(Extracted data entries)
---+---

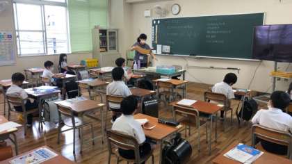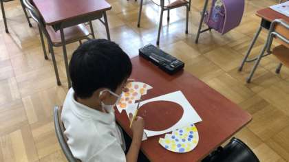 今日は、図画工作の授業で、「ひみつのたまご」を描きました。たまごから、どんな生き物が誕生するか想像を膨らませながら描きました。ご家庭でも、どんなたまごを描いたか聞いてあげてください。
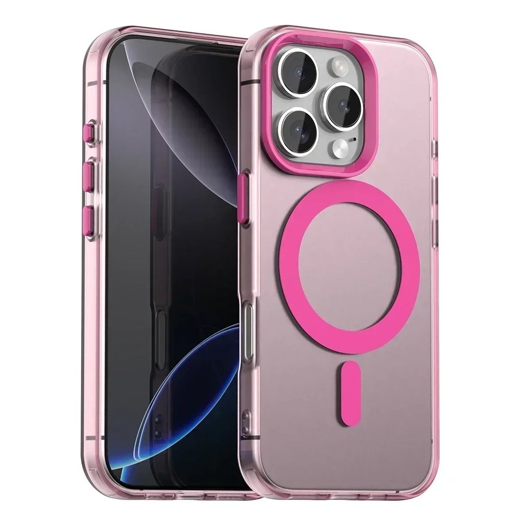 Techsuit CandyCase MagSafe pre iPhone 16 Pro Max sa vyznačuje moderným a minimalistickým dizajnom. Kryt je vyrobený z kombinácie priehľadného a polopriehľadného materiálu, ktorý necháva vyniknúť originálnej farbe vášho telefónu. Okraje krytu, rovnako ako tlačidlá hlasitosti a napájania, sú prevedené v žiarivej ružovej farbe, ktorá dodáva puzdru hravý a svieži vzhľad.
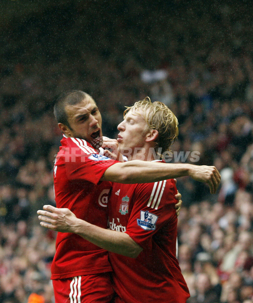 1-2とリードを許していたリバプールは、後半35分にアルベルト・リエラ(Albert Riera)が同点ゴールを決め、その5分後の同40分にカイトがジャーメイン・ペナント(Jermaine Pennant)のセンタリングに合わせ決勝点を決め、リバプールは首位のチェルシー(Chelsea)と同勝ち点で2位を守った。(c)AFP/Neil Johnston
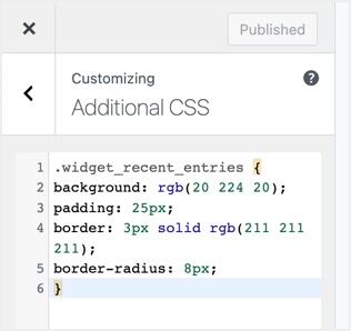 - 它在带有CSS .widget_recent_entries类的定制器中如下所示。
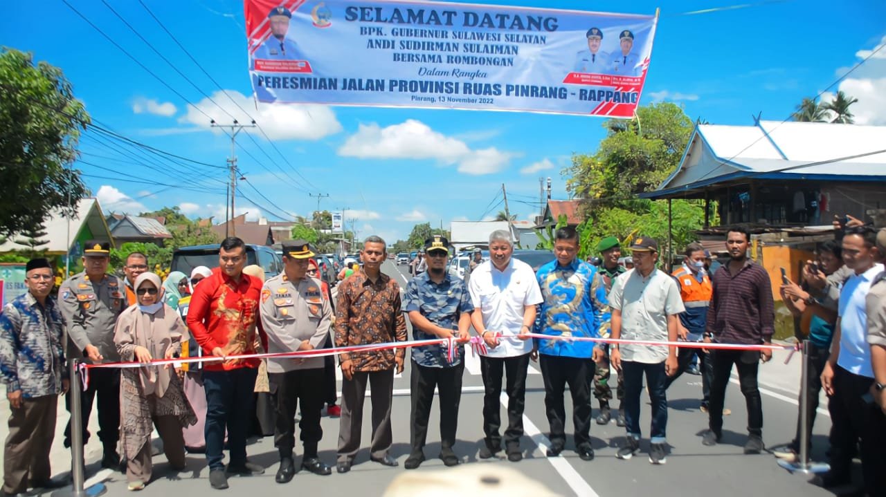 Peresmian hasil pembangunan Jalan Provinsi ini ditandai dengan pengguntingan pita oleh Gubernur di badan jalan poros Pinrang - Rappang.

---+---

▶ **Task item**
Give back each of the records above word for word, apart from the pictures.

▶ **Response to the exercise**
 今日は、図画工作の授業で、「ひみつのたまご」を描きました。たまごから、どんな生き物が誕生するか想像を膨らませながら描きました。ご家庭でも、どんなたまごを描いたか聞いてあげてください。
 Techsuit CandyCase MagSafe pre iPhone 16 Pro Max sa vyznačuje moderným a minimalistickým dizajnom. Kryt je vyrobený z kombinácie priehľadného a polopriehľadného materiálu, ktorý necháva vyniknúť originálnej farbe vášho telefónu. Okraje krytu, rovnako ako tlačidlá hlasitosti a napájania, sú prevedené v žiarivej ružovej farbe, ktorá dodáva puzdru hravý a svieži vzhľad.
 1-2とリードを許していたリバプールは、後半35分にアルベルト・リエラ(Albert Riera)が同点ゴールを決め、その5分後の同40分にカイトがジャーメイン・ペナント(Jermaine Pennant)のセンタリングに合わせ決勝点を決め、リバプールは首位のチェルシー(Chelsea)と同勝ち点で2位を守った。(c)AFP/Neil Johnston
 - 它在带有CSS .widget_recent_entries类的定制器中如下所示。
 Peresmian hasil pembangunan Jalan Provinsi ini ditandai dengan pengguntingan pita oleh Gubernur di badan jalan poros Pinrang - Rappang.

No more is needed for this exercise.